Of course this is a fairy tale, but I'm sure we would all want this for our patients. A full return to "normal" life should be the Holy Grail for our transplant teams, but sadly, even if we can get individuals back to normality from a physical perspective, there remains the issue of the immunosuppression.

We are all familiar with how immunosuppression works to preserve a transplanted organ and how that makes individuals more prone to certain infections, but how to we balance the positive with the negative when it comes to making lifestyle choices?

It is well known that T cell suppression makes you more prone to infections from environmental organisms such as Legionella and Aspergillus spp, but it can also make you more likely to become infected with some of the Zoonoses such as Brucella and Bartonella spp.

When I gave a short talk about this at the meeting in Montreal it was clear that no two transplant centres gave the same advice. So not to cause controversy (very difficult for me, I realise) I will just give my personal opinion, but maybe it's time for another ISHLT Monograph?

If a transplant recipient goes back to work, it can only be a good thing. In the UK, where healthcare is free, going back to work and paying taxes is beneficial to the health of the national economy.

Are there any professions which represent a completely unacceptable risk? There must be some, but I haven't found any yet. If someone wants to go back to farming, they can, so long as they are careful about hand hygiene and are risk averse. The biggest risk is poorly ventilated barns full of animals and dusty straw or Silage. Silage is partially rotted hay which is used widely as feed for over wintering livestock in Europe. It is full of aspergillus spores. The transplant recipient has to make sure that the barn is well ventilated before they enter, or get someone else to do this work for them. There is the possibility of portable ventilation helmets (see below).
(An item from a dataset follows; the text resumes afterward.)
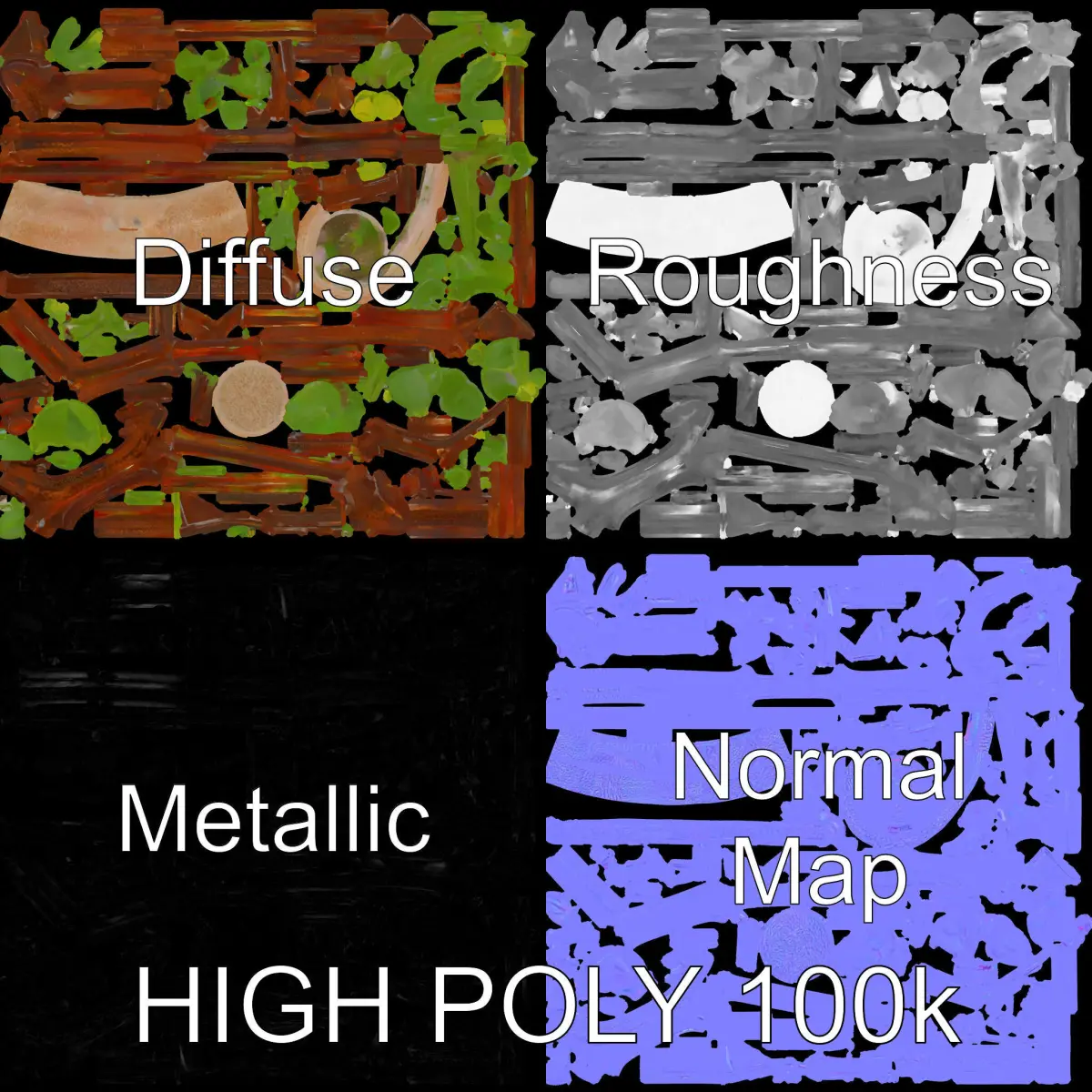 This 3D model of a rustic iron plant stand is intricately designed with three levels of detail, making it suitable for various uses such as production rendering in 3ds Max, Maya, Cinema 4D, Blender, Vray, Corona, Cycles, game engines like Unity and Unreal, and interactive presentations. Its high-quality PBR textures, which include Diffuse, NormalMap, and reflection/roughness/metallic, fit perfectly into any modern rendering engine. With all textures at 4096x4096 resolution, it provides superb detail and accuracy. This model is ideal for architectural visualizations, interior decor simulations, and virtual staging. It features accurately unwrapped UVs with no overlapping, ensuring a seamless look. The first image is the reference used for creating the 3D model. It is important to carefully evaluate the quality of the model by examining the preview images that display the topology and polygonal mesh. These previews (WIRE and WEB 3D Preview) clearly demonstrate how accurately the model matches the original reference and how well the geometry has been executed. If you found this model helpful, please like and leave a comment!

Nursing and medicine are also acceptable now that everyone has to wash their hands properly and frequently for Infection Control purposes. Lung recipients will need to take extra care when caring for patients with cystic fibrosis colonised with resistant organisms. One of our recipients wanted to be a Microbiology technician. This was no problem as they are so well trained in terms of safety and even immunocompetant individuals are protected from aerosols by safety cabinets.
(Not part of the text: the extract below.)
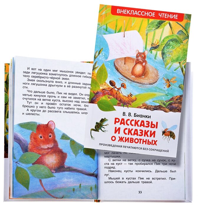 Купила книгу Бианки "рассказы и сказки о животных" по акции для своего четырехлетнего сына. Вначале переживала, что он еще мал для таких рассказов. Книга рекомендуется для детей школьного возраста. Но сынок с большим удовольствием слушает сказки , больше всего полюбился "мышонок Пик" и "Сказка как муравьишка домой спешил". Чудесная книга, удобный небольшой формат, плотные странички, очень лёгкая , не объемная, практично взять с собой в дорогу. Рассказы Бианки очень поучительные и познавательные. Читаем и перечитываем, эта книга стала одной из любимых в нашей детской библиотеке. Советую. Покупкой довольны.

A recipient who has been ill all their life (or a very long time) will be keen to visit all those places that they were too poorly to visit before. Most transplant centres provide handbooks about immunisations and water safety. Live vaccines are prohibited which makes travel to or through countries with Yellow Fever impossible.

Canoeing in slow moving water may put folk at risk from Leptospirosis and potholing in bat infested caves would not be safe owing to the risk from fungal infections.
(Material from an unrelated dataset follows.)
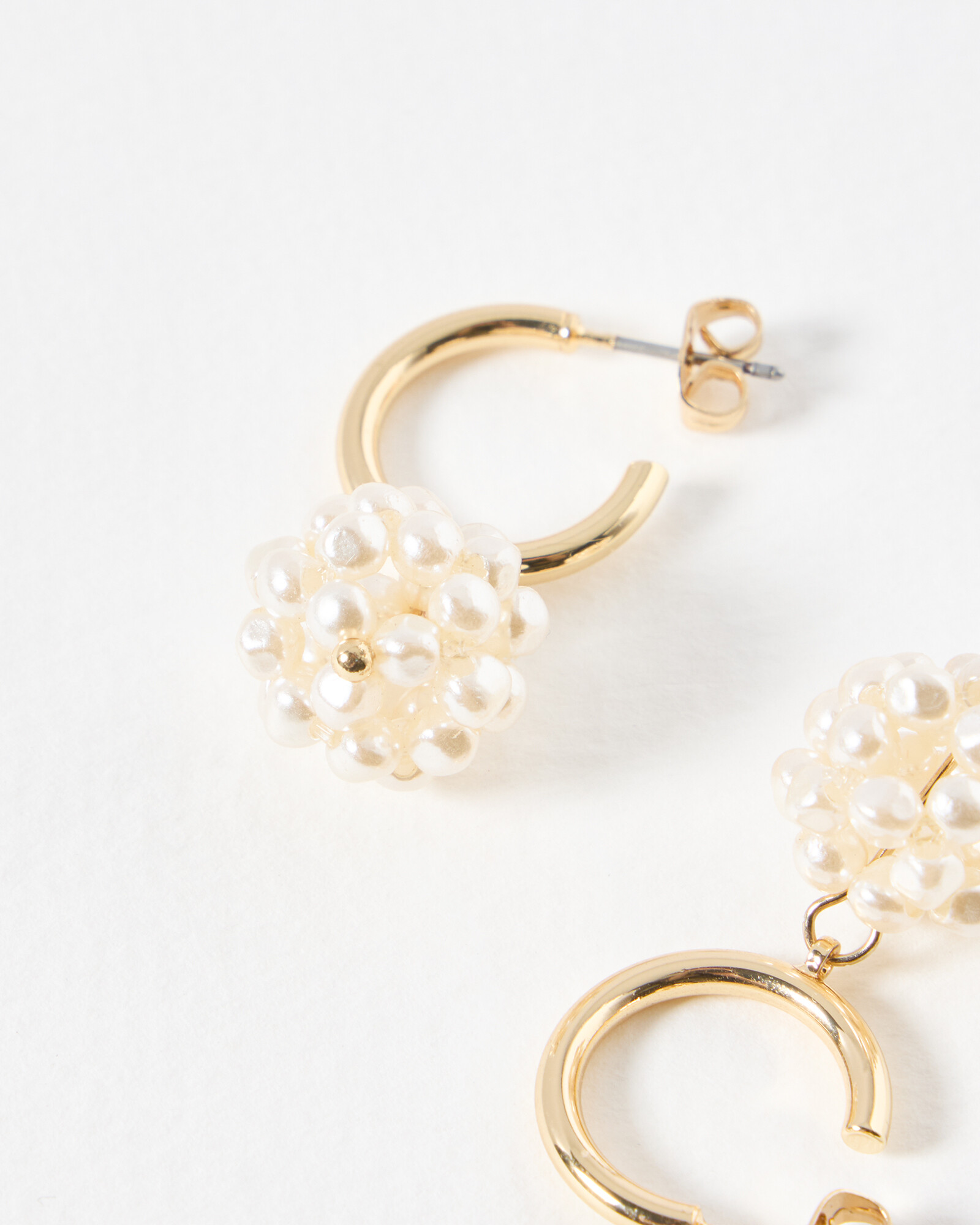 Classic shaped huggie hoop earrings in a gold toned metal, with butterfly backs and a large faux-pearl cluster drop charm.

Transplant recipients are more susceptible to food poisoning, so those lovely buffets with luke warm, undercooked dishes may have to be given a miss.

There is not much in the transplant literature about sexually transmitted infection, but it must happen. Logic would suggest that that gonorrhoea and chlamydia are more likely to disseminate in the immunocompromised.

links imageNever in my career have I advised a potential transplant recipient that they will have to give up their pets. It's back to good hand hygiene again. Mouth to mouth resuscitation (or French kissing) another mammal may risk colonisation with Capnocytophagia which may cause an overwhelming infection, but it is so rare that it is not worth obsessing about. Animal bites are a completely different issue requiring urgent medical attention, prophylactic antibiotics plus tetanus (+/- rabies) shots.

In the UK some folk like to keep pigeons in dusty lofts. They really become attached to them. This is where the portable exhaust ventilation helmets come in useful.

We want our transplant patients to return to normal life as quickly as possible. Everything we do in life carries a potential risk. The risk of acquiring an infection may be greater in our patients but in the end it comes down to good old fashioned "common sense," something you have either got, or you haven't. If you lack common sense, no rules or protocols are ever going to keep you safe!

Disclosure Statement: The author has no conflicts of interest to disclose.